_Work required_
In the entries below, find the line with "По его словам, почти" and the line with "富川乙さんの総運は16画の5点!". Repeat exactly everything between them, those two lines included, but not the pictures.
(Data extract Opens)
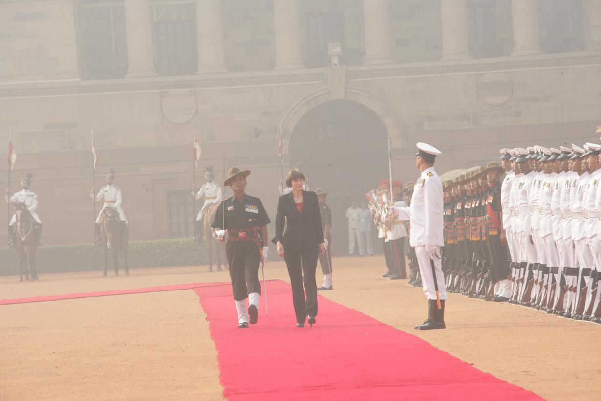 | Caption: | The President of India, Smt Pratibha Devisingh Patil at the Ceremonial Reception of the President of the Swiss Confederation, HE Ms Micheline Calmy-Rey at the Forecourt of Rashtrapati Bhavan in New Delhi on Nov 07, 2007 |
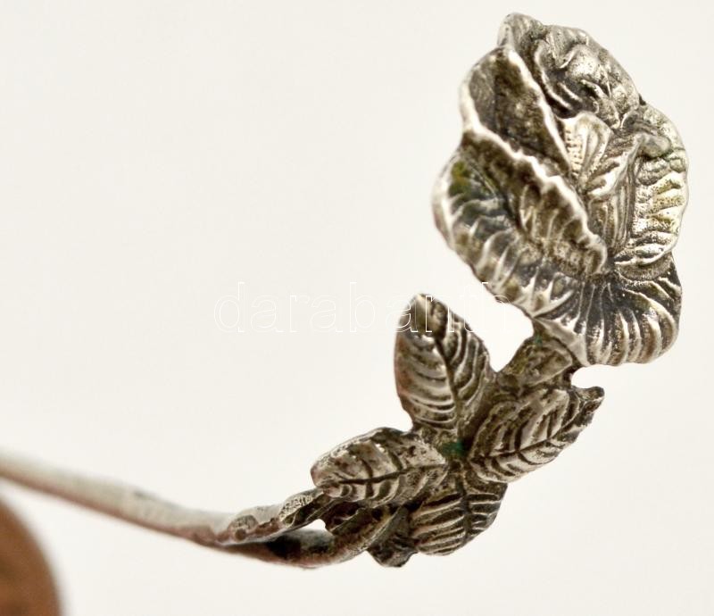 Leírás: Ezüst cukormerító kanál rózsa díszítéssel. Jelzett / Silver sugar spoon 8,3 g
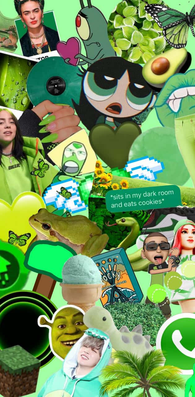 Olive Greenaesthetic Desktop Cool Collage Wallpaper -
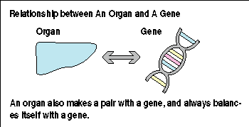 Furthermore, using symmetrical thinking about opposite mechanisms also enables us to recognize the relationship between a gene and an organ. Although the majority of medical researchers focus on analyzing a gene without taking notice of the relationship between a gene and an organ, they should pay attention to it. A gene always pairs with an organ. Whereas a gene can control an organ, it is also controlled by an organ. Thus, even when medical researchers analyze a gene without taking notice of the relationship between a gene and an organ, they will be unable to find out important mechanisms in a human body. That is, they will be unable to find out how a human body controls the organ and causes disease, and to control an organ completely.
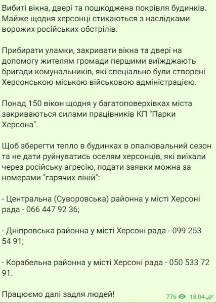 По его словам, почти каждый день херсонцы сталкиваются с последствиями российских обстрелов, в результате чего значительная часть домов остается без окон.
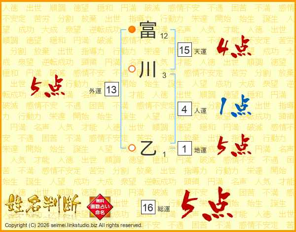 富川乙さんの総運は16画の5点!
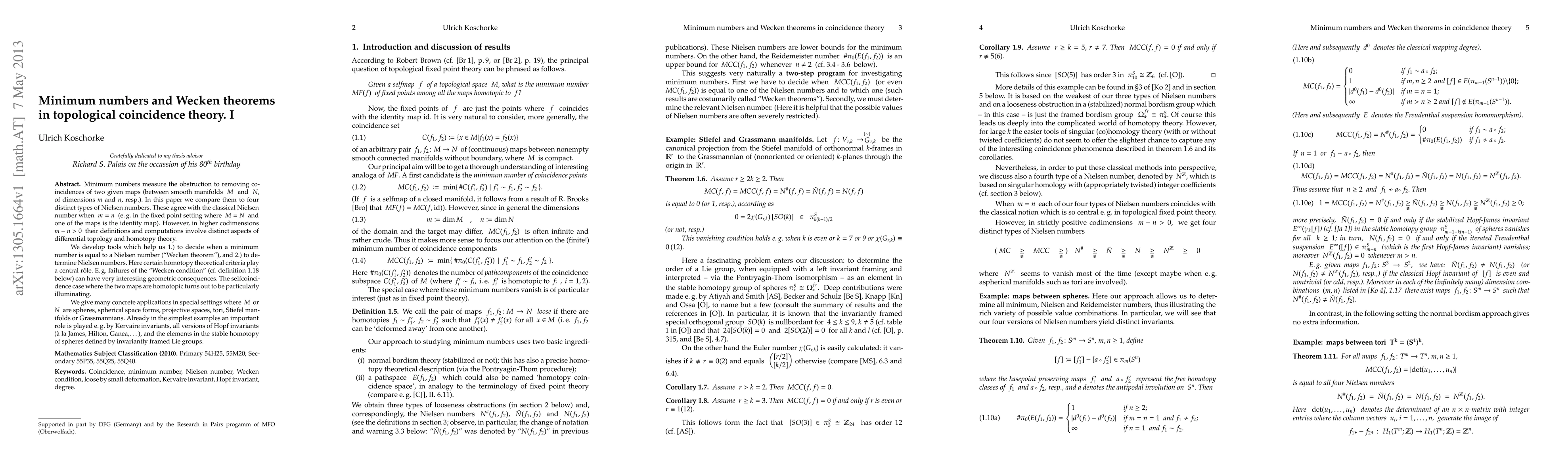 Minimum numbers measure the obstruction to removing coincidences of two given maps (between smooth manifolds M and N of dimensions m and n, resp.). In this paper we compare them to four distinct types of Nielsen numbers. These agree with the classical Nielsen number when m = n (e.g. in the fixed point setting where M = N and one of the maps is the identity map). However, in higher codimensions m - n > 0 their definitions and computations involve distinct aspects of differential topology and homotopy theory. We develop tools which help us 1.) to decide when a minimum number is equal to a Nielsen number ("Wecken theorem"), and 2.) to determine Nielsen numbers. Here certain homotopy theoretical criteria play a central role. E.g. failures of the "Wecken condition" (cf. definition 1.18 below) can have very interesting geometric consequences. The selfcoincidence case where the two maps are homotopic turns out to be particularly illuminating. We give many concrete applications in special settings where M or N are spheres, spherical space forms, projective spaces, tori, Stiefel manifolds or Grassmannians. Already in the simplest examples an important role is played e.g. by Kervaire invariants, all versions of Hopf invariants (a la James, Hilton, Ganea,...) and the elements in the stable homotopy of spheres defined by invariantly framed Lie groups.
(Data extract Closes)
_Answer for this exercise_
 По его словам, почти каждый день херсонцы сталкиваются с последствиями российских обстрелов, в результате чего значительная часть домов остается без окон.
 富川乙さんの総運は16画の5点!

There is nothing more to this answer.